> **ABOUT THIS TASK**:
Write the listing below out again in full, dropping its pictures.

> **COLLECTED MATERIAL**:

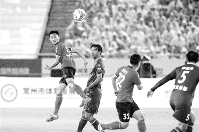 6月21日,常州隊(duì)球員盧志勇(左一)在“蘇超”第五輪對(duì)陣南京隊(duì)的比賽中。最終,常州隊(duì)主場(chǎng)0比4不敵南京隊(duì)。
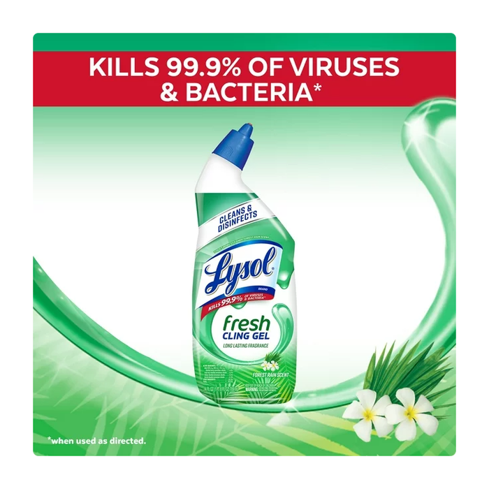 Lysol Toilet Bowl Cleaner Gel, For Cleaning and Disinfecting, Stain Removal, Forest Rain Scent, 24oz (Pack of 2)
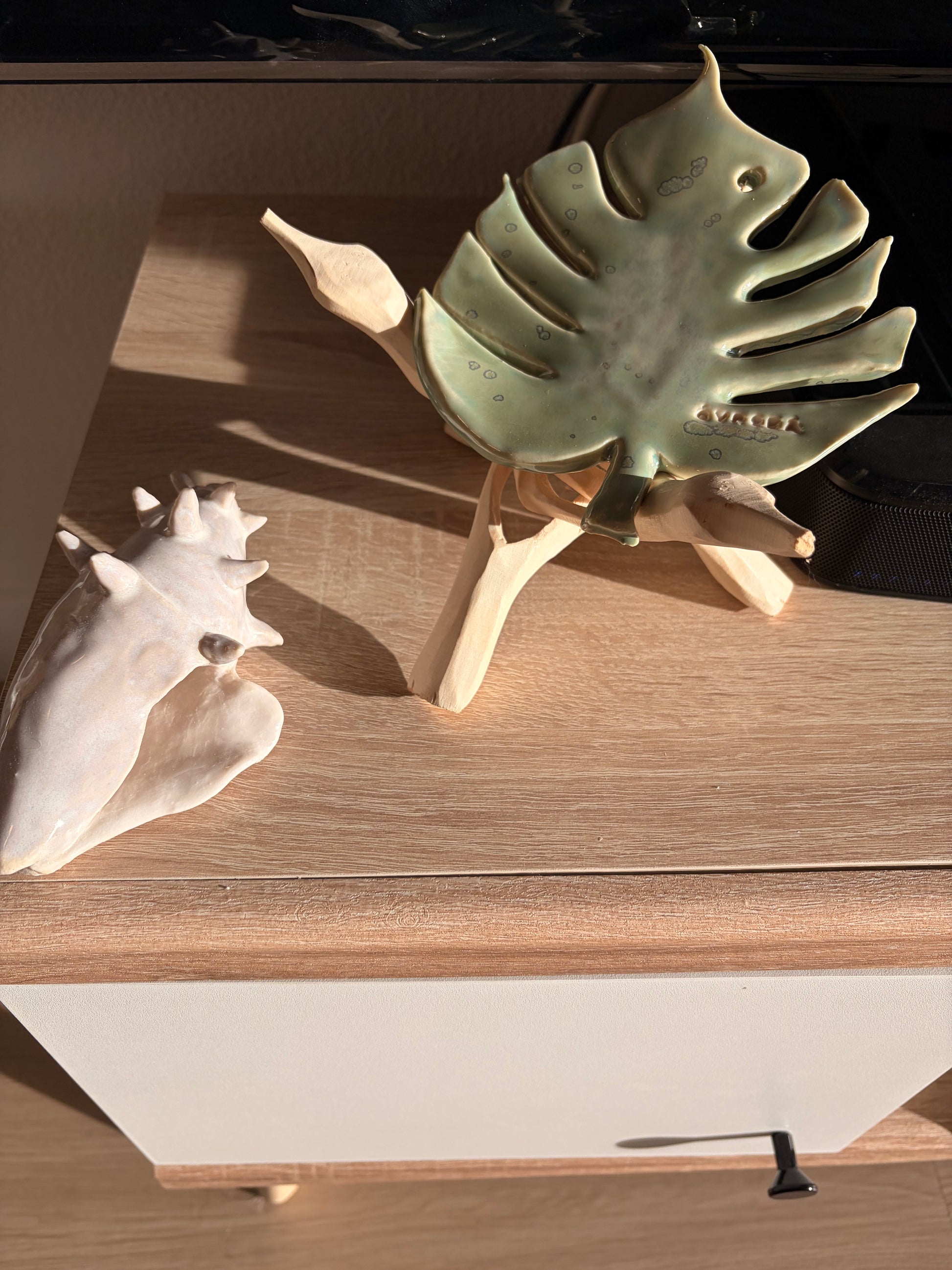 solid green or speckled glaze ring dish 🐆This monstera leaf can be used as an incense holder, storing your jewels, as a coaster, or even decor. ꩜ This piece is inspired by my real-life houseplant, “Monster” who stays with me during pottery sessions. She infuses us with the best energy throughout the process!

> **TASK SOLUTION**:
 6月21日,常州隊(duì)球員盧志勇(左一)在“蘇超”第五輪對(duì)陣南京隊(duì)的比賽中。最終,常州隊(duì)主場(chǎng)0比4不敵南京隊(duì)。
 Lysol Toilet Bowl Cleaner Gel, For Cleaning and Disinfecting, Stain Removal, Forest Rain Scent, 24oz (Pack of 2)
 solid green or speckled glaze ring dish 🐆This monstera leaf can be used as an incense holder, storing your jewels, as a coaster, or even decor. ꩜ This piece is inspired by my real-life houseplant, “Monster” who stays with me during pottery sessions. She infuses us with the best energy throughout the process!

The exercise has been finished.